Lucy Eldine González Parsons (1853 - 7 de março de 1942) foi uma notável anarquista estadunidense que em sua infância no sul dos Estados Unidos fora escrava, mais tarde em sua vida aderiu ao movimento operário sendo uma das mais respeitadas oradoras de sua época. Foi também a cônjuge de Albert Parsons, um dos libertários mártires da revolta de Haymarket em 1886.

Teve também um papel importante na fundação da organização sindical Industrial Workers of the World ao lado de Daniel De Leon, Eugene V. Debs, "Mother" Mary Harris Jones, William Trautmann, Vincent Saint John, Ralph Chaplin, entre outros.

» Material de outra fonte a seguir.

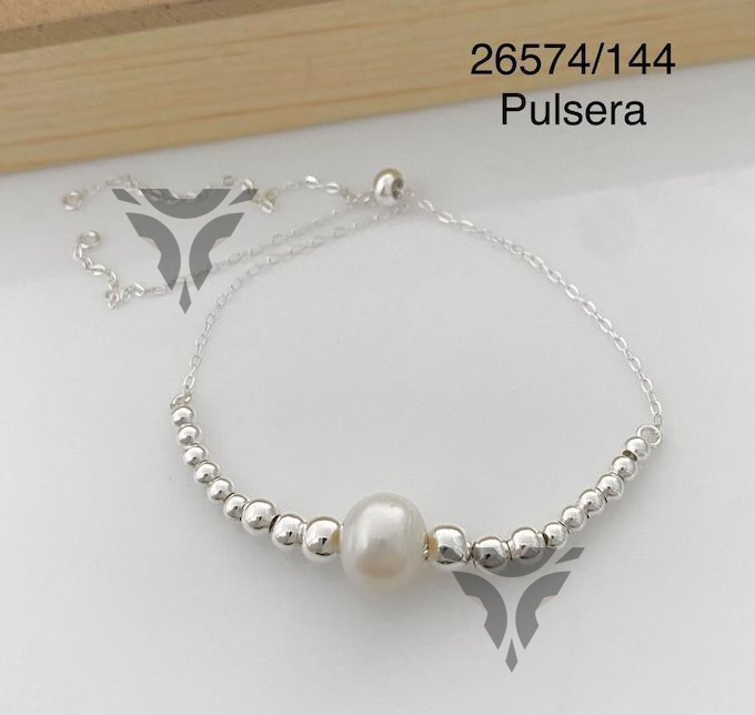 Pulsera ajustable de bolitas con perla al centro
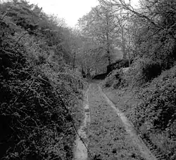 Kenwith Castle Halt had no platform or shelter and was sited at an ungated level crossing on the road to the castle; the gates had been removed in 1905.[8] The line ran through a cutting at this point. No sidings or freight facilities were provided.[9][10]
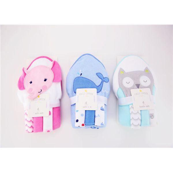 Knit Terry Hooded Towel 3 Washcltoh Baby Swaddle Blankets Excellent Expansibility
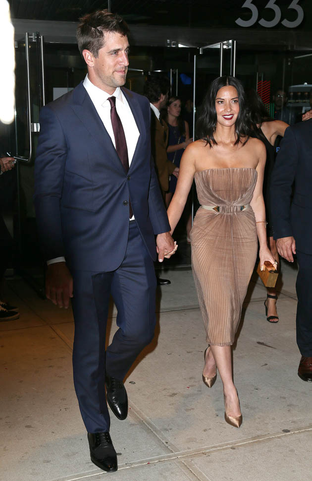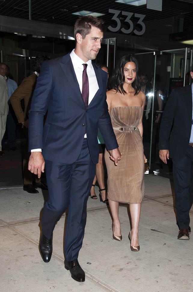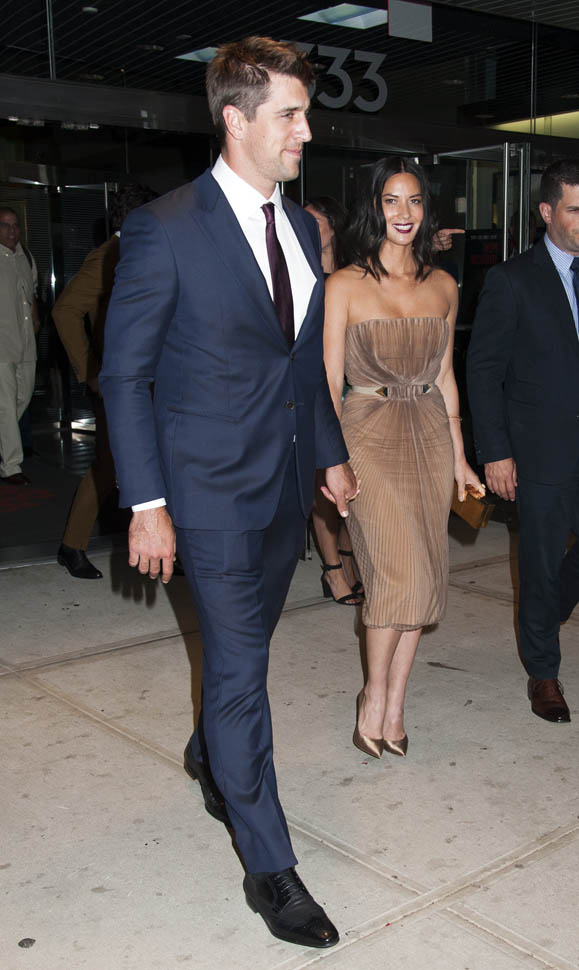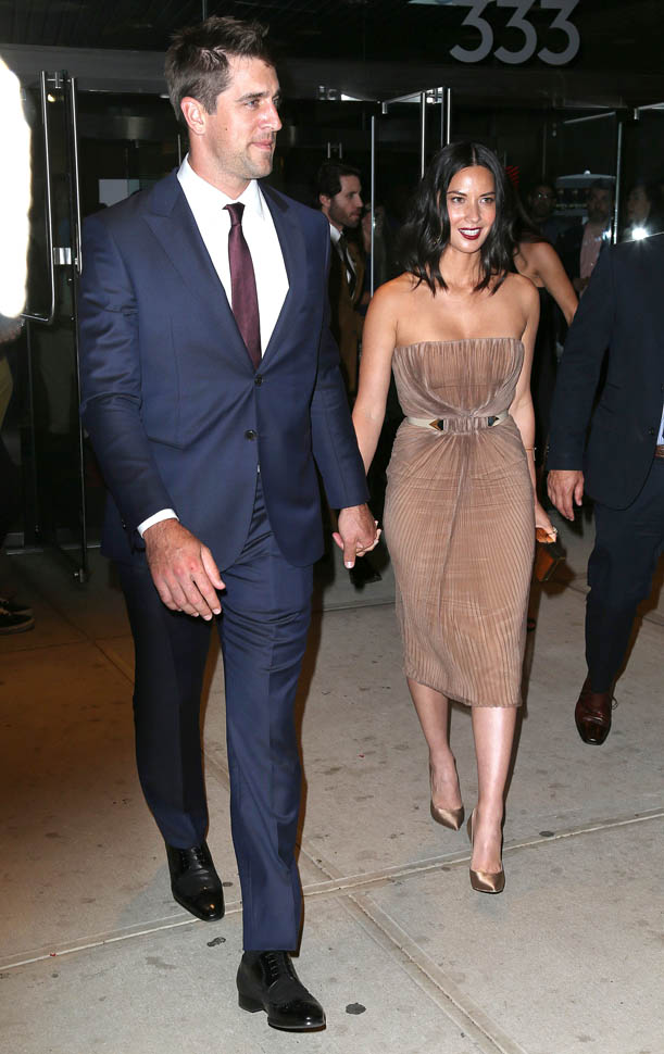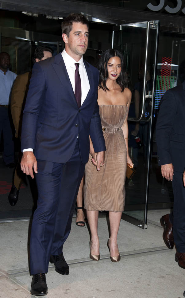 Olivia Munn was at the premiere of Deliver Us From Evil last night. And Aaron Rodgers was there with her. Their first official Hollywood event as a couple. They were at the Academy of Country Music Awards together as presenters in April…but that was before they hooked up, just.

Ao longo de sua vida deu forma a uma biblioteca de mais de 1.500 publicações que logo após seu falecimento em um incêndio seria apreendida junto com todos seus escritos pessoais por agentes do governo. É considerada por muitos libertários estadunidenses ainda hoje uma das anarquistas mais influentes de seu tempo.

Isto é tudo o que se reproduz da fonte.